Thursday, May 17, 2007

Bumper Stickers

1. Constipated People Don't Give A Shit.

2. Practice Safe Sex, Go Screw Yourself.

3. If You Drink, Don't Park. Accidents Cause People.

4. Who Lit The Fuse On Your Tampon?

5. If You Don't Believe In Oral Sex, Keep Your Mouth Shut.

6. Please Tell Your Pants It's Not Polite To Point.

7. If That Phone Was Up Your Butt, Maybe You Could Drive A Little Better.

8. My Kid Got Your Honor Roll Student Pregnant.

9. To All You Virgins: Thanks For Nothing.

10. If At First You Don't Succeed, Blame Someone Else And SeekCounseling.

11. Impotence: Nature's Way Of Saying "No Hard Feelings".

12. If You Can Read This, I've Lost My Trailer.

13. Horn Broken ... Watch For Finger.

14. If You're Not A Hemorrhoid, Get Off My Ass.

15. You're Just Jealous Because The Voices Are Talking To Me.

16. The Earth Is Full - Go Home

17. This Would Be Really Funny If It Weren't Happening To Me

18. Eat Right, Exercise, Die Anyway

19. Illiterate? Write For Help

20. Honk If Anything Falls Off

21. Cover Me. I'm Changing Lanes
22. I Refuse To Have A Battle Of Wits With An Unarmed Person

23. You! Out Of The Gene Pool!

24. If Sex Is A Pain In The Ass, Then You're Doing It Wrong...

25. If You Can Read This, Please Turn Me Over

26. Remember Folks: Stop Lights Timed For 35 mph Are Also Timed for 70 mph.

27. Guys: No Shirt, No Service - Gals: No Shirt, No Charge

28. If Walking Is So Good For You, Then Why Does My Mailman Look Like Jabba The Hut?

29. Necrophilia: That Uncontrollable Urge To Crack Open A Cold One.

30. Boldly Going Nowhere

31. Caution - Driver Legally Blonde

32. Don't Be Sexist - Bitches Hate That

33. How Many Roads Must A Man Travel Down Before He Admits He is lost?

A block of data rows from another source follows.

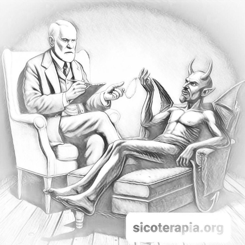 The image of Sigmund Freud conducting psychoanalytic therapy with the Devil is an intriguing concept that combines psychoanalytic themes with symbolic mythology.
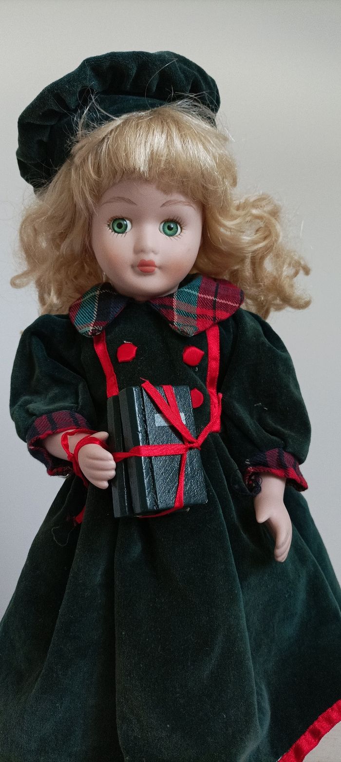 Poupée écolière de collection sur socle...
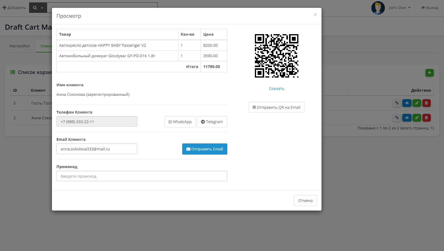 - Редактирование в реальном времени: Если клиент по телефону просит заменить одну позицию на другую — сделайте это в панели модуля, и корзина у пользователя обновится моментально.
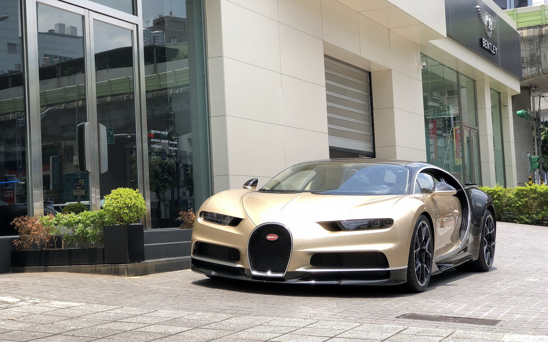 Description: A gold bugatti parked in front of a building with a door open and a car parked in front of it.
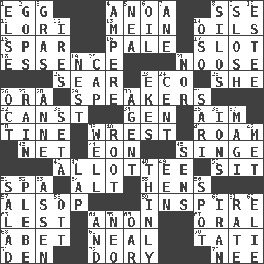 ACROSS 1. Ovum 4. Small Philippine buffalo 8. Compass dir. 11. Australian parrot (variant) 13. Count _ (2 wds.) 14. Petroleums 15. Practice fight 16. Light colored 17. Notch 18. Gist 21. Trap for birds or small mammals 22. Wither 23. Environmental prefix 25. A female animal or person 26. Mouth or opening 29. Orators 32. 2nd pers. sing. pres. of can (arch.) 34. Commissioned mil. rank 35. Direct toward a target or goal 38. Prong on a fork 39. Obtain by seizing forcibly or violently 41. Wander 43. Fish or hair follower 44. A really long time 45. Scorch 46. One to whom something is allotted 50. Be seated 51. Health resort 54. The first octave above the treble staff 55. Coop moms 57. Columnist Joseph or Stewart 59. Motivate 63. For fear that 64. Soon (poet.) 67. Relating to the mouth 68. Collude with 69. Be tempered by heat 70. Jacques of French films 71. Lair 72. Dinghy 73. Born DOWN 1. Otherwise 2. Republicans 3. Pate de foie ____ 4. Electrical Unit 5. Teachers' org. 6. Petroleum 7. A saturated hydrocarbon 8. Grain storage towers 9. Agitate, as a liquid 10. First name in cosmetics 12. Angers 14. Bear (Spanish) 19. A home for chicks 20. Head covering 21. And not 23. Makes supply last 24. Penny 26. Sep. follower 27. Water falling in drops from the sky 28. Singer Murray 30. Rep 31. Indian skirt 33. Bristle 36. Charged particles 37. Wise men 39. Water source 40. Carrot, for example 42. Was introduced to 45. Elected reps. 47. Pet locale 48. Without viscosity 49. Car or cant ending 51. First course 52. Military trainee 53. NE Netherlands city 56. Blemish 58. Baseball player Mel 60. SW Asia republic 61. Assign a rank or rating to 62. Writer Wiesel 64. Also 65. Modern: prefix 66. Rowing implement

34. Money Isn't Everything, But It Sure Keeps The Kids In Touch

35. Saw It ... Wanted It ... Had A Fit .. Got It!

36. GROW YOUR OWN DOPE --- PLANT A MAN.

37. All Men Are Animals, Some Just Make Better Pets.

38. Some people are alive only because it is illegal to shoot them

39. I used to have a handle on life, but it broke.

40. WANTED: Meaningful overnight relationship.